__Action item__
Wherever the listing holds a picture, leave it out, and copy the remainder exactly.

__Information shown__
══════
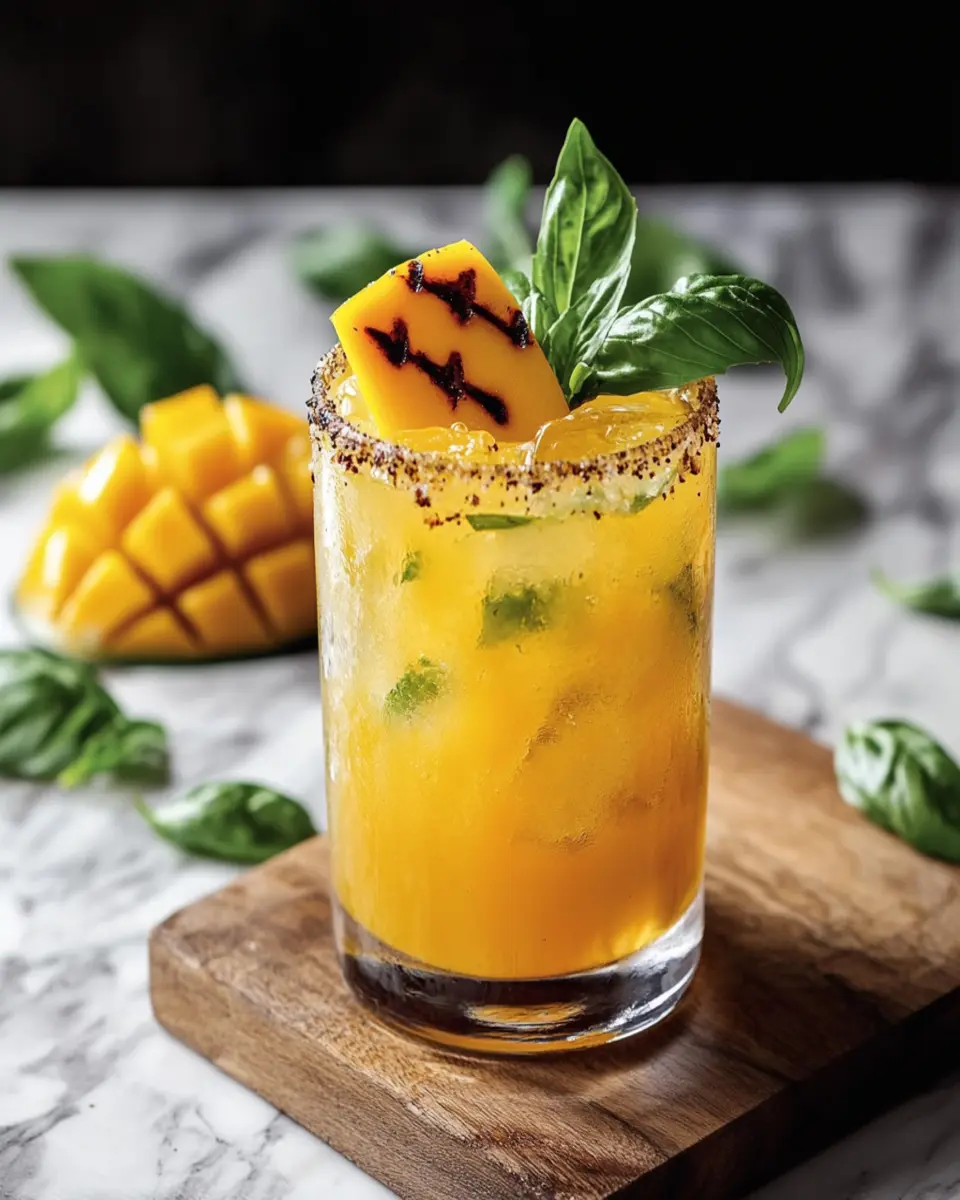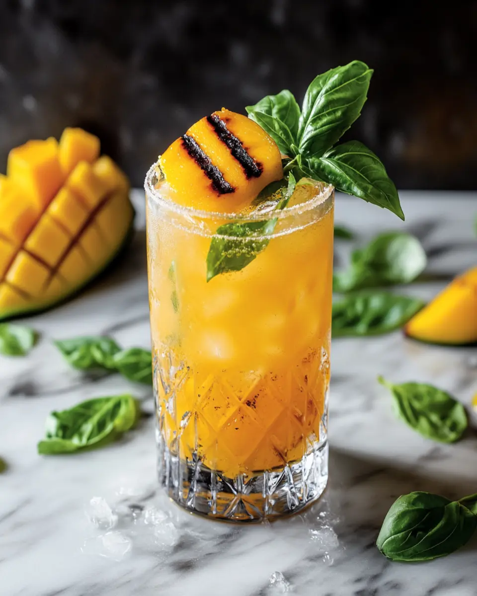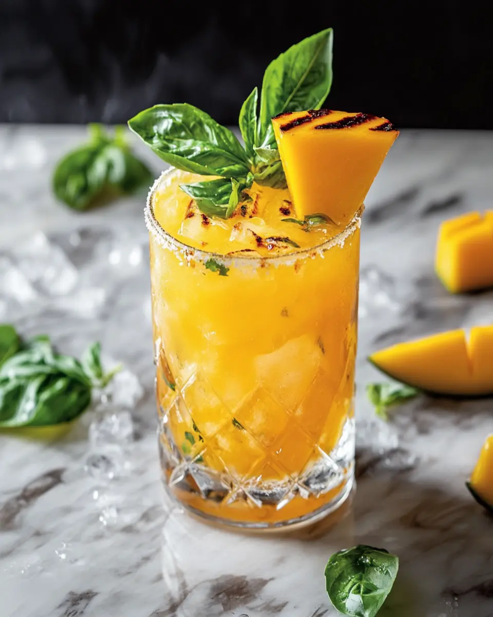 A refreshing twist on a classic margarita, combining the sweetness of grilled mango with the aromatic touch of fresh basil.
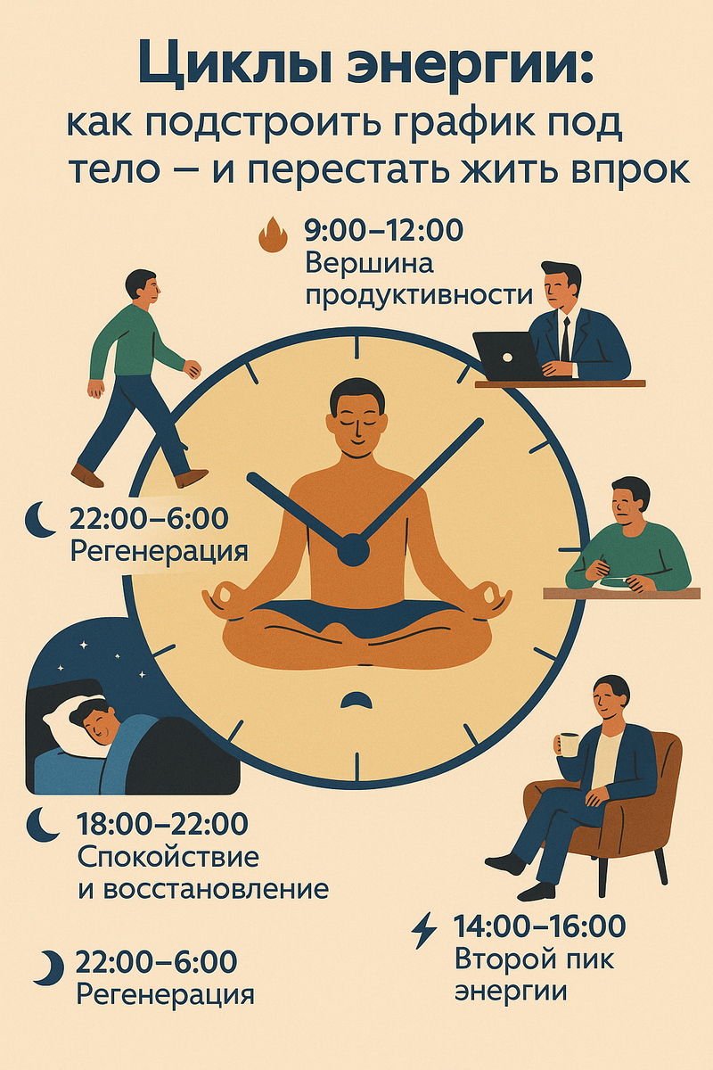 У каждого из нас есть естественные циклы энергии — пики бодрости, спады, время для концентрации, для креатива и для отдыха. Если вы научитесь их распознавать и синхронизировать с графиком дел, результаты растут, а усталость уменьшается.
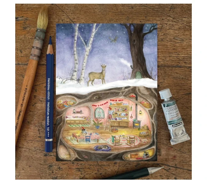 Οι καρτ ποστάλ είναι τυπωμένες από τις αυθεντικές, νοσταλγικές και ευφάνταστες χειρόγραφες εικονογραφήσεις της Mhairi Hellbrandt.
══════
__Expected answer__
 A refreshing twist on a classic margarita, combining the sweetness of grilled mango with the aromatic touch of fresh basil.
 У каждого из нас есть естественные циклы энергии — пики бодрости, спады, время для концентрации, для креатива и для отдыха. Если вы научитесь их распознавать и синхронизировать с графиком дел, результаты растут, а усталость уменьшается.
 Οι καρτ ποστάλ είναι τυπωμένες από τις αυθεντικές, νοσταλγικές και ευφάνταστες χειρόγραφες εικονογραφήσεις της Mhairi Hellbrandt.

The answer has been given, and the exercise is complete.